A Contradiction At The Heart Of Democracy

As the era of the individual fades, liberal democracy finds itself collapsing. People in groups just make terrible decisions, and then individuals are afraid to stand out from the crowd, so they just go along with the insanity like teenagers succumbing to peer pressure. This is how democracy ends societies.

Another fundamental problem with democracy is that it is based on self-image. When we vote, we are not asked what we actually do, but what we think we might do, or want to do, or how we see ourselves through the mirror of others. This leads to pretentious, unrealistic decisions. Even lobotomized entertainment horde nexus Netflix is finding this out:

Switching to a binary thumbs-up / thumbs-down system might seem less granular than offering five stars, but Yellin said there’s an implicit understanding with thumbs-up / thumbs-down that people are doing it to improve their own experience rather than trying to rate it for the rest of the world. And at the end of the day, it’s really about just getting more people to rate things.

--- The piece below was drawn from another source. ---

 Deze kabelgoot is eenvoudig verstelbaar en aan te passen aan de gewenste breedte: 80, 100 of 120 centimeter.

“What’s more powerful: you telling me you would give five stars to the documentary about unrest in the Ukraine; that you’d give three stars to the latest Adam Sandler movie; or that you’d watch the Adam Sandler movie 10 times more frequently?” Yellin said. “What you do versus what you say you like are different things.”

What you do is more important than what you say you do. In this sense, the best single factor Netflix could use would be to see what videos you watched again or recommended to friends. That reflects what people do, not how they view themselves. How many documentaries have been voted up because people think it makes them look cool, hip and profound to like “Last Flight Of The Dodo” in HD?

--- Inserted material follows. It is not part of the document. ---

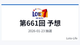 ロト7ロト7 第661回 予想(結果・振り返り) ロト7(2026年1月23日)の予想番号を掲載します。本記事は過去データを参考にした「予想・分析メモ」であり、当選を保証するものではありません。予想番号予想1351415202235予想2581011141527予想337122124303... 2026.01.16ロト7次回予想
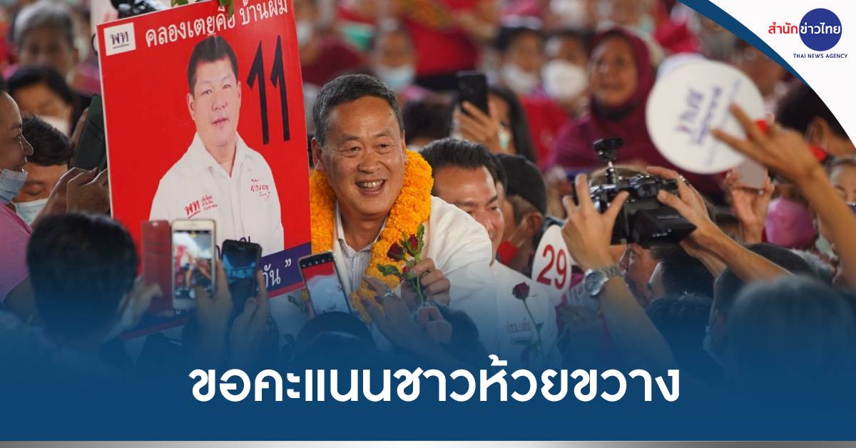 สนามกีฬาห้วยขวาง 28 เม.ย.- “เศรษฐา” วิงวอนชาวห้วยขวาง กา “เพื่อไทย” ทั้ง 2 ใบ ผลักดันทุกนโยบายให้เป็นจริง ย้ำแนวทางปรับค่าแรง-ปราบยาเสพติด ยันรถไฟฟ้า 20 บาทตลอดสายไม่ได้เอาใจแค่คนชั้นกลาง ลั่น ไม่ปล่อยบางกระทรวงให้พรรคอื่นได้

The last thousand years or so have seen us in the West trying to make a leaky boat sail. First we created a middle class, figuring that if we gave the clever-but-not-intelligent a voice, they might stop agitating on the national level. Then with The Enlightenment,™ we told everyone that their feelings were more real than social order, known truth or nature.

Finally we came to democracy, at which point it was clear that the West was dead and had been replaced by an angry mob of self-important little proles. Now everyone voted for what they thought would benefit them, spending the money of society as if it were theirs, and adopting policies that made them feel special. We see the results of that disaster every day.

The American Constitution was the most ambitious effort yet to plug up the leaky ship. It introduced many rules and concepts which people fought over until they beat them into an unrecognizable mass of lost meaning. Poll taxes, votes correlated to tax paying, local representatives and other schemes all failed as well.

There is no way to fix mob behavior. Even smart people, and especially clever-but-not-intelligent people, make terrible decisions in groups. There are only a few among us fit to lead, and they cannot be assessed with standardized tests, income statements and rules. You have to put them in small positions of leadership, and let them rise by succeeding in the real world, not the theater of public opinion.

Across Europe and the USA, “populist” movements are blooming, but these are more a reaction to hitting rock bottom than political movements in the usual sense. They are anti-populist at their core in that they aim to get us away from the politics of pretense, and to focus on the question of leadership, which demands strong gravitational forces like powerful leaders, tribalism and enduring culture.

Some people think we can fix democracy by having people vote on every issue in real time over the internet through their television sets. In reality, this would be nothing but an insanity amplifier, wrecking the remnants of a once-great civilization even faster than our current neurotic voting habits. Instead, we should do away with the votes entirely, and look at what actually works.